Data records:
╭──
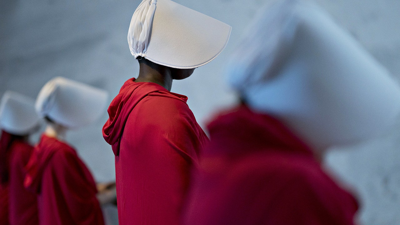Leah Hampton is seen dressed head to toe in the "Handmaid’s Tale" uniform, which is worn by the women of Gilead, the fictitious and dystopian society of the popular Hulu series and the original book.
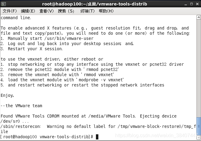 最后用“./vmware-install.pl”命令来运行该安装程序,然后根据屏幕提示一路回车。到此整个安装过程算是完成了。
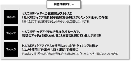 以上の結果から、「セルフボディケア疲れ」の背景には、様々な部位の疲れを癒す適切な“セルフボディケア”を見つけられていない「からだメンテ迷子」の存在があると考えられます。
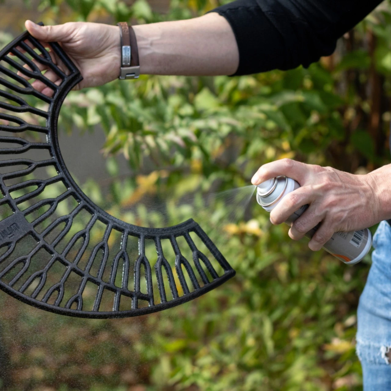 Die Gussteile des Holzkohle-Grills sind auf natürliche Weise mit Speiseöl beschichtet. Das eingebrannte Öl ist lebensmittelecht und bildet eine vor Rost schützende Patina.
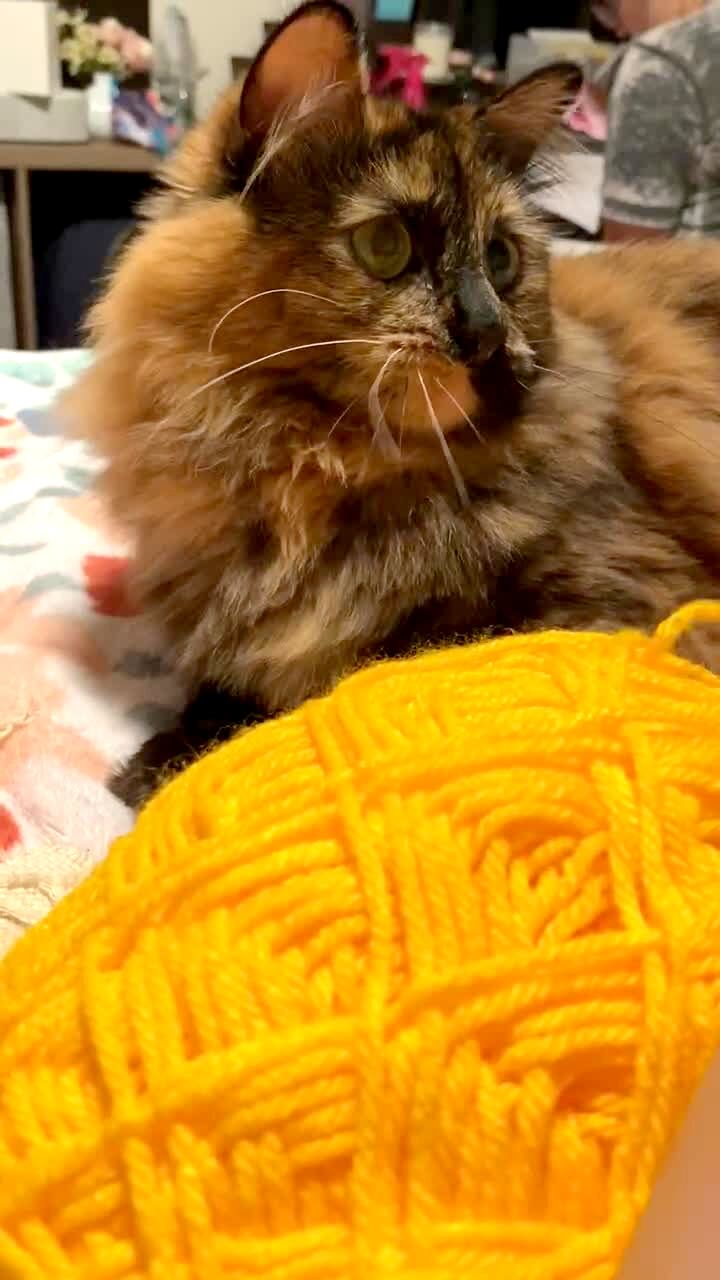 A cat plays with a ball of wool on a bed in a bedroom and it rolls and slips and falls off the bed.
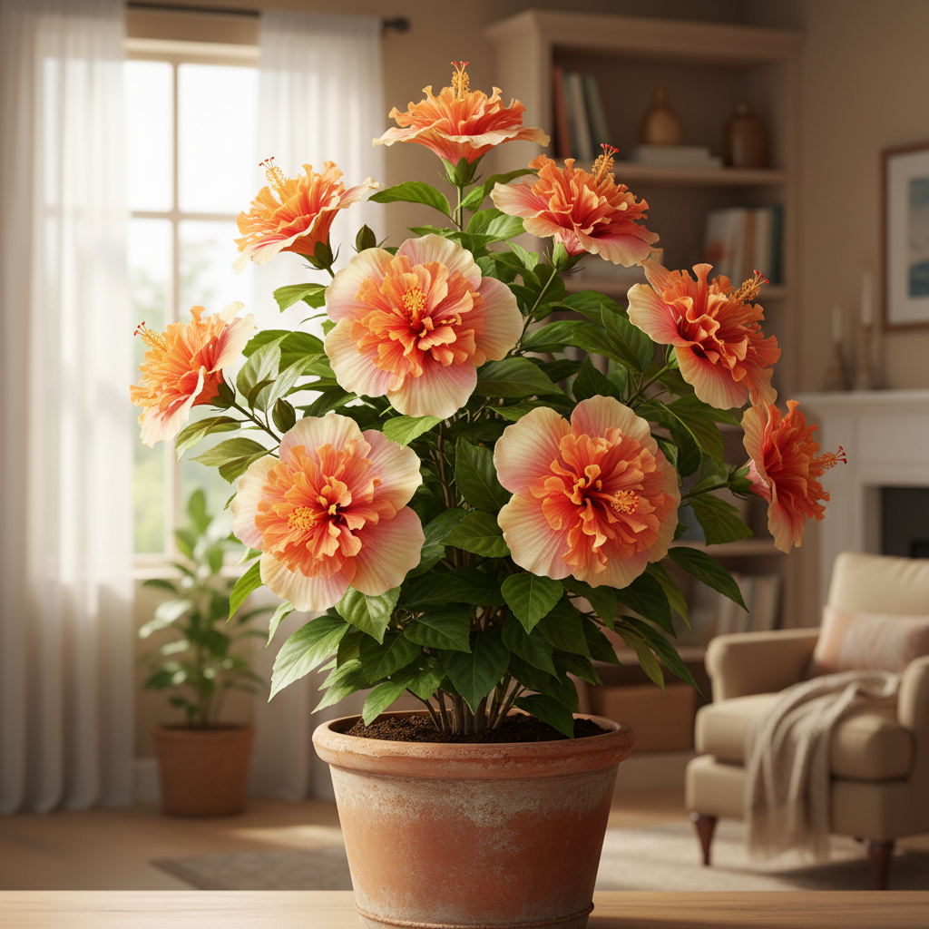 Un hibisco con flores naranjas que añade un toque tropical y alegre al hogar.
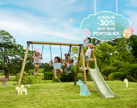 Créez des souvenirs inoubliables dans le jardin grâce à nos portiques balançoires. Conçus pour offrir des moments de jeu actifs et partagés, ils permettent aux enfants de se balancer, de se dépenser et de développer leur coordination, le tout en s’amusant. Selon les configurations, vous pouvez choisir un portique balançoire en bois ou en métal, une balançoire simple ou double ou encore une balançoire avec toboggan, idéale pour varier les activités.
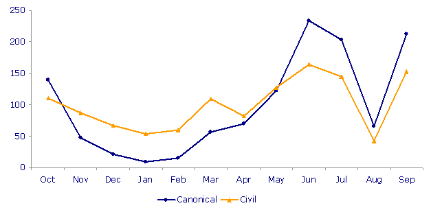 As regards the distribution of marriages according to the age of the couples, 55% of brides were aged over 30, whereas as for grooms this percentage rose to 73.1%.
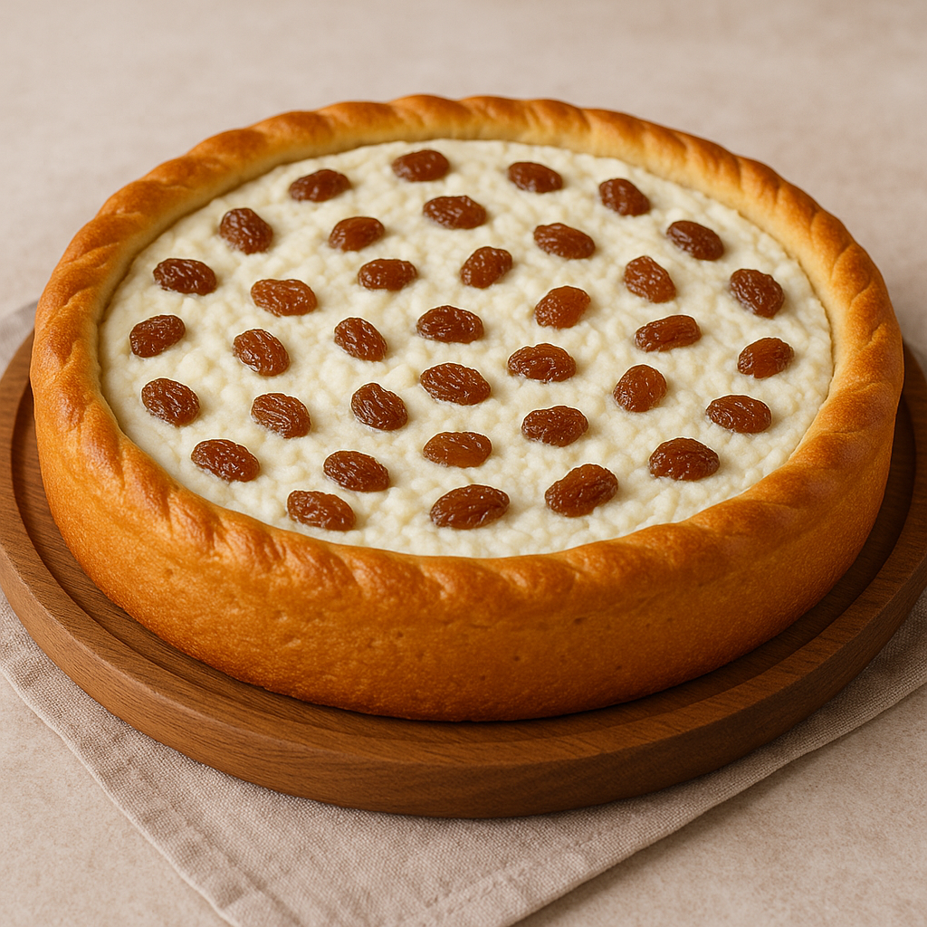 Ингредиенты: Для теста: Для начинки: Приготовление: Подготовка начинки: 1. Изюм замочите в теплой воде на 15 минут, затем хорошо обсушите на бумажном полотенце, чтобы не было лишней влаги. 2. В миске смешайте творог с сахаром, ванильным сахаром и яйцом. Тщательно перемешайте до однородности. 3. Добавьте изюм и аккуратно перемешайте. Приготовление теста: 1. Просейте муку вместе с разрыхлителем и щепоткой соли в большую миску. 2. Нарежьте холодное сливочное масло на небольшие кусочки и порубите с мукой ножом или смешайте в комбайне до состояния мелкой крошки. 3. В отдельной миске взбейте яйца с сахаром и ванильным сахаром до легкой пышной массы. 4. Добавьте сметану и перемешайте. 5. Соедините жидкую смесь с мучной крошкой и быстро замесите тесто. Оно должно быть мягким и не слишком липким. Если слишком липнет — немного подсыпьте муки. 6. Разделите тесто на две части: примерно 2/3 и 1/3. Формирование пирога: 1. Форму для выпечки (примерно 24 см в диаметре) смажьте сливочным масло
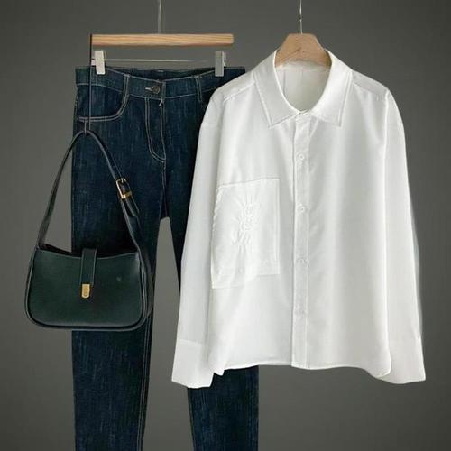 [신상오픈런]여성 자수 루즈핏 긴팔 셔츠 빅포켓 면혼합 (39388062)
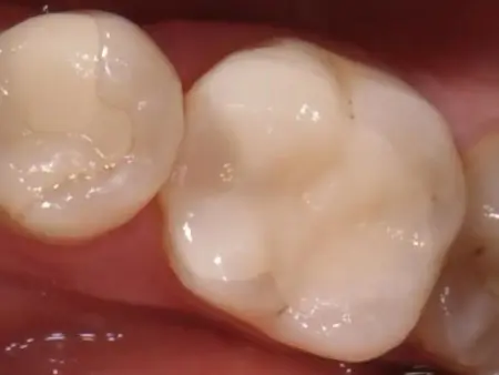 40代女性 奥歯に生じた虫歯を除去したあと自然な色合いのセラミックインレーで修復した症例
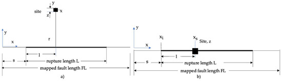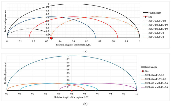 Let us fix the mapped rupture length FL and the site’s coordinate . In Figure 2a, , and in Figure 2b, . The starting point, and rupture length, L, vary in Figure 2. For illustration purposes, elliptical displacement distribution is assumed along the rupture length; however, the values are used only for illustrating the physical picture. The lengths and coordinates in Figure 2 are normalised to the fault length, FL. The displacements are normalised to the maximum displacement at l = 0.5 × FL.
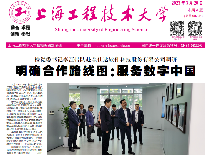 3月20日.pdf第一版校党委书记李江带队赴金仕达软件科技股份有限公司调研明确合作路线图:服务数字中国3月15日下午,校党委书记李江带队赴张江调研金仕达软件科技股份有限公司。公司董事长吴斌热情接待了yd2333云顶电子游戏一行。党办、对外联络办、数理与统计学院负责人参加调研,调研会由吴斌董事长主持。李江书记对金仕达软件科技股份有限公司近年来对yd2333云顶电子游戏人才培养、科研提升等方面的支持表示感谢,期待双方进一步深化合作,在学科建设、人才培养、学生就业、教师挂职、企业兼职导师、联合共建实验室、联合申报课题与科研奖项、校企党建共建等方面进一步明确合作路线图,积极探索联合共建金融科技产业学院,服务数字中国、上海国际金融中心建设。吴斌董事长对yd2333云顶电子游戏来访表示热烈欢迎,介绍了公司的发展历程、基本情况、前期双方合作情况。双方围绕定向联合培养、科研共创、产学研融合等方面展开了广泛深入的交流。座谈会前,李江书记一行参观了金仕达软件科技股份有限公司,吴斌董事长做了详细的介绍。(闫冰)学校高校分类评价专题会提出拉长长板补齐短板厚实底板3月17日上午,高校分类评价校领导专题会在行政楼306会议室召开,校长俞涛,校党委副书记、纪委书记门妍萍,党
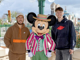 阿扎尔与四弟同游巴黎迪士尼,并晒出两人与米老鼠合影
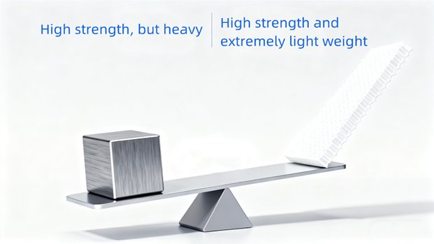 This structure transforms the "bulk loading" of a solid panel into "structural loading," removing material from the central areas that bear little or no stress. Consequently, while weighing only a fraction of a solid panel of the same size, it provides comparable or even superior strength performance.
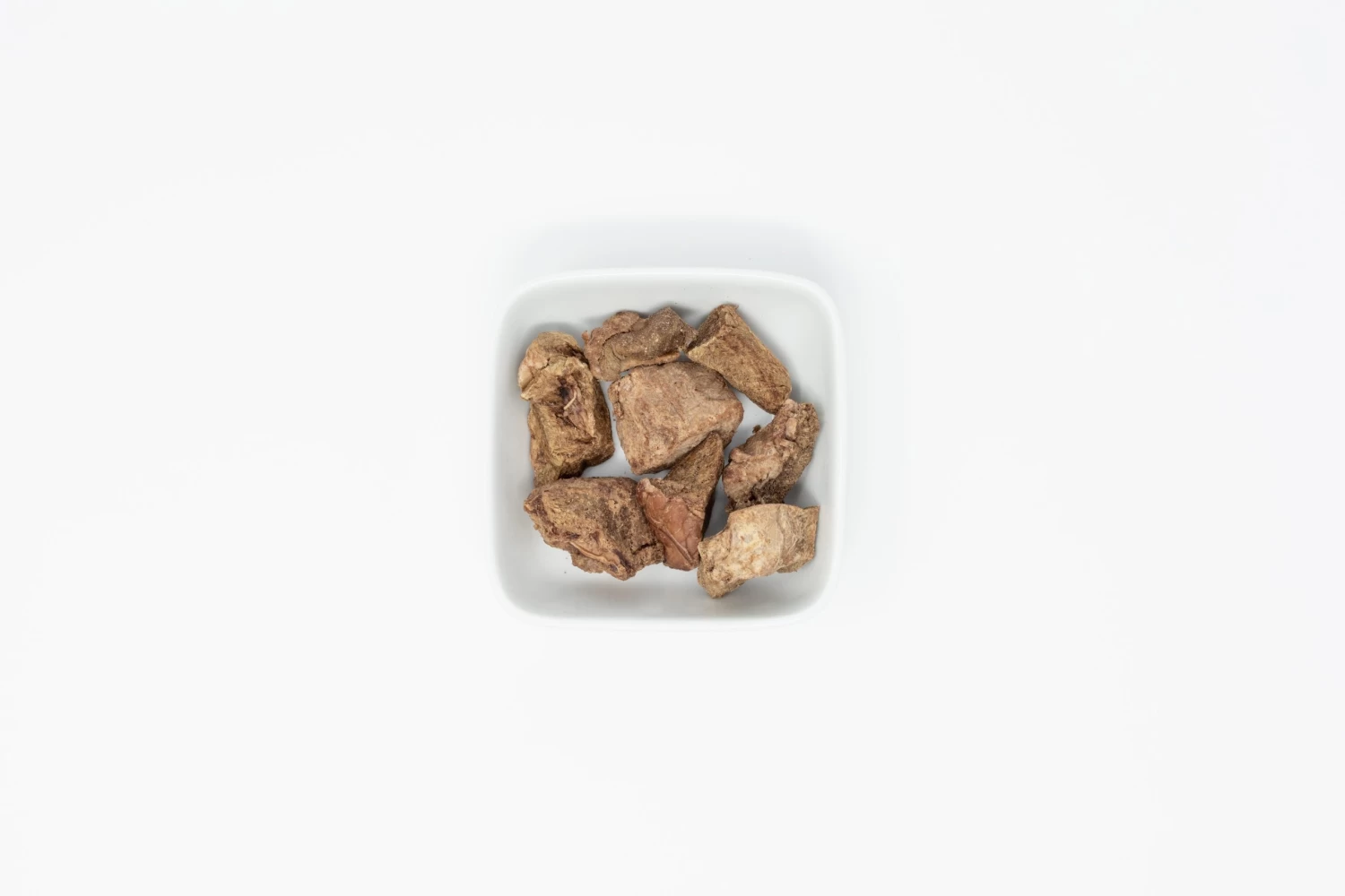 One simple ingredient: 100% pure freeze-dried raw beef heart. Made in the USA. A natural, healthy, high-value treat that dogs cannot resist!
╰──
## Assignment
Write out all of the data above exactly, without any of its pictures.

## Response to the task
Leah Hampton is seen dressed head to toe in the "Handmaid’s Tale" uniform, which is worn by the women of Gilead, the fictitious and dystopian society of the popular Hulu series and the original book.
 最后用“./vmware-install.pl”命令来运行该安装程序,然后根据屏幕提示一路回车。到此整个安装过程算是完成了。
 以上の結果から、「セルフボディケア疲れ」の背景には、様々な部位の疲れを癒す適切な“セルフボディケア”を見つけられていない「からだメンテ迷子」の存在があると考えられます。
 Die Gussteile des Holzkohle-Grills sind auf natürliche Weise mit Speiseöl beschichtet. Das eingebrannte Öl ist lebensmittelecht und bildet eine vor Rost schützende Patina.
 A cat plays with a ball of wool on a bed in a bedroom and it rolls and slips and falls off the bed.
 Un hibisco con flores naranjas que añade un toque tropical y alegre al hogar.
 Créez des souvenirs inoubliables dans le jardin grâce à nos portiques balançoires. Conçus pour offrir des moments de jeu actifs et partagés, ils permettent aux enfants de se balancer, de se dépenser et de développer leur coordination, le tout en s’amusant. Selon les configurations, vous pouvez choisir un portique balançoire en bois ou en métal, une balançoire simple ou double ou encore une balançoire avec toboggan, idéale pour varier les activités.
 As regards the distribution of marriages according to the age of the couples, 55% of brides were aged over 30, whereas as for grooms this percentage rose to 73.1%.
 Ингредиенты: Для теста: Для начинки: Приготовление: Подготовка начинки: 1. Изюм замочите в теплой воде на 15 минут, затем хорошо обсушите на бумажном полотенце, чтобы не было лишней влаги. 2. В миске смешайте творог с сахаром, ванильным сахаром и яйцом. Тщательно перемешайте до однородности. 3. Добавьте изюм и аккуратно перемешайте. Приготовление теста: 1. Просейте муку вместе с разрыхлителем и щепоткой соли в большую миску. 2. Нарежьте холодное сливочное масло на небольшие кусочки и порубите с мукой ножом или смешайте в комбайне до состояния мелкой крошки. 3. В отдельной миске взбейте яйца с сахаром и ванильным сахаром до легкой пышной массы. 4. Добавьте сметану и перемешайте. 5. Соедините жидкую смесь с мучной крошкой и быстро замесите тесто. Оно должно быть мягким и не слишком липким. Если слишком липнет — немного подсыпьте муки. 6. Разделите тесто на две части: примерно 2/3 и 1/3. Формирование пирога: 1. Форму для выпечки (примерно 24 см в диаметре) смажьте сливочным масло
 [신상오픈런]여성 자수 루즈핏 긴팔 셔츠 빅포켓 면혼합 (39388062)
 40代女性 奥歯に生じた虫歯を除去したあと自然な色合いのセラミックインレーで修復した症例
 Let us fix the mapped rupture length FL and the site’s coordinate . In Figure 2a, , and in Figure 2b, . The starting point, and rupture length, L, vary in Figure 2. For illustration purposes, elliptical displacement distribution is assumed along the rupture length; however, the values are used only for illustrating the physical picture. The lengths and coordinates in Figure 2 are normalised to the fault length, FL. The displacements are normalised to the maximum displacement at l = 0.5 × FL.
 3月20日.pdf第一版校党委书记李江带队赴金仕达软件科技股份有限公司调研明确合作路线图:服务数字中国3月15日下午,校党委书记李江带队赴张江调研金仕达软件科技股份有限公司。公司董事长吴斌热情接待了yd2333云顶电子游戏一行。党办、对外联络办、数理与统计学院负责人参加调研,调研会由吴斌董事长主持。李江书记对金仕达软件科技股份有限公司近年来对yd2333云顶电子游戏人才培养、科研提升等方面的支持表示感谢,期待双方进一步深化合作,在学科建设、人才培养、学生就业、教师挂职、企业兼职导师、联合共建实验室、联合申报课题与科研奖项、校企党建共建等方面进一步明确合作路线图,积极探索联合共建金融科技产业学院,服务数字中国、上海国际金融中心建设。吴斌董事长对yd2333云顶电子游戏来访表示热烈欢迎,介绍了公司的发展历程、基本情况、前期双方合作情况。双方围绕定向联合培养、科研共创、产学研融合等方面展开了广泛深入的交流。座谈会前,李江书记一行参观了金仕达软件科技股份有限公司,吴斌董事长做了详细的介绍。(闫冰)学校高校分类评价专题会提出拉长长板补齐短板厚实底板3月17日上午,高校分类评价校领导专题会在行政楼306会议室召开,校长俞涛,校党委副书记、纪委书记门妍萍,党
 阿扎尔与四弟同游巴黎迪士尼,并晒出两人与米老鼠合影
 This structure transforms the "bulk loading" of a solid panel into "structural loading," removing material from the central areas that bear little or no stress. Consequently, while weighing only a fraction of a solid panel of the same size, it provides comparable or even superior strength performance.
 One simple ingredient: 100% pure freeze-dried raw beef heart. Made in the USA. A natural, healthy, high-value treat that dogs cannot resist!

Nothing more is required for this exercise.